In the end though, if making a building "safe" means making it ugly or bulky and looking like a fortress, then it shouldn't be done. Terrorism is bad but it should be prevented before it can act. 
If you want to be safe while draving, get a seatbelt and brakes - don't jump into a tank


----------



## Taller Better (Aug 27, 2005)

Sean, I am hopeful you did not make this profile just to provide links to your survey, as that would be spam. I'll remove the links, and let your inquiry stand
as it is a valid issue.


----------



## Gherkin (May 30, 2005)

How is an architectural survey on an architecture forum spam? :dunno:


Anyway.

Designing for counter terrorism is extremely expensive. Unless its an embassy, architects must think 'will this building be a terrorism target?' and design appropriately. 

Have a look at this fortress! http://www.dezeen.com/2011/06/08/safe-house-by-robert-konieczny/


----------



## Taller Better (Aug 27, 2005)

Gherkin said:


> How is an architectural survey on an architecture forum spam? :dunno:


Making new profiles for the purpose of boosting visitor numbers to our personal "surveys" on another website is indeed spam. If a well established member of many years introduces such a link it is understandable, but to make a profile for the purpose of getting higher visitor numbers elsewhere isn't. You will note I did not ban the new member, or close the thread because the discussion itself is a good one and should be the sole basis of this thread.


----------



## redstone (Nov 15, 2003)

Well, personally I think if the design is for an embassy or say a government office, army installation, etc yes high security or 'terrorism-safe' designs are a must. But it is illogical and unrealistic to make every single building 'terrorism-safe'. Might as well build bunkers everywhere. We do not exist in a state of perpetual war. This is not needed. 

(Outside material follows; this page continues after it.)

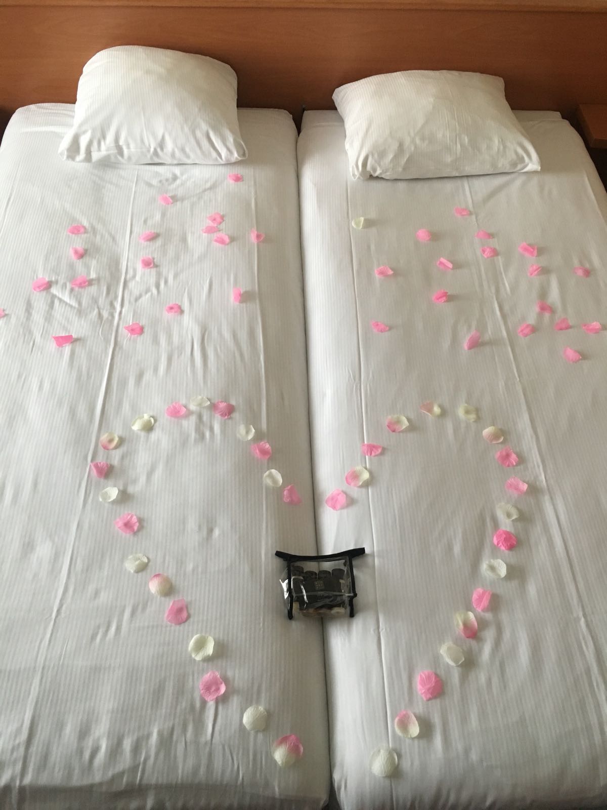 De rest van de dag verloopt redelijk rustig. We checken in bij het hotel en tot onze verbazing weten ze dat we een jubileum vieren. Ons bed is versierd met allemaal rozenblaadjes, zo lief! ‘S-avonds gaan we lekker eten in het dorp bij de Bovenmeester. Vooral de eend is echt een aanrader en Kitty is bang dat ik mijn enthousiasme niet meer kan inhouden. Ik besluit mij te gedragen.

I think the only buildings that need to be 'terrorism-safe' safe are embassies and important government offices and that is it. Perhaps such a potential legislation might call for stronger than required engineering, a stronger facade, limited glass usage on lower floors, a greater setback from driveway / road, structural elements set back from facade and stronger cladding. More necessary than designing to ensure greater survivability in case of terrorism is a need to increase security for that building. Employ more guards, CCTVs, etc. 

IMHO designing to ensure lesser material and financial loss sustained from natural disasters is more important than survivability in a terrorist attack since the former is more likely.

But most important is to evaluate how probable the property is to a terrorist attack before making plans to design it to maximise terrorism survivability.


----------



## redstone (Nov 15, 2003)

In Singapore we have a legislation for provision of a 'household shelter' which is a highrise bomb shelter. 

http://www.scdf.gov.sg/content/scdf...fessionals/cd-shelter/household-shelters.html


----------



## hkskyline (Sep 13, 2002)

Noting recent terrorist attacks on "soft" targets, the range of buildings that can be at risk just jumped considerably.


----------



## Obelixx (Apr 14, 2005)

Not using large window fronts is the best counter terrorism design. A building with small windows will not be damaged by an explosion as a building with large windows and the danger that people are hurt by pieces of brooken glass is less.


----------



## Taller Better (Aug 27, 2005)

Considering that the thread starter has not logged in since opening this thread, and considering I am having to delete spambot entries, I'd say it is a good guess that this thread was created just for advertising.


----------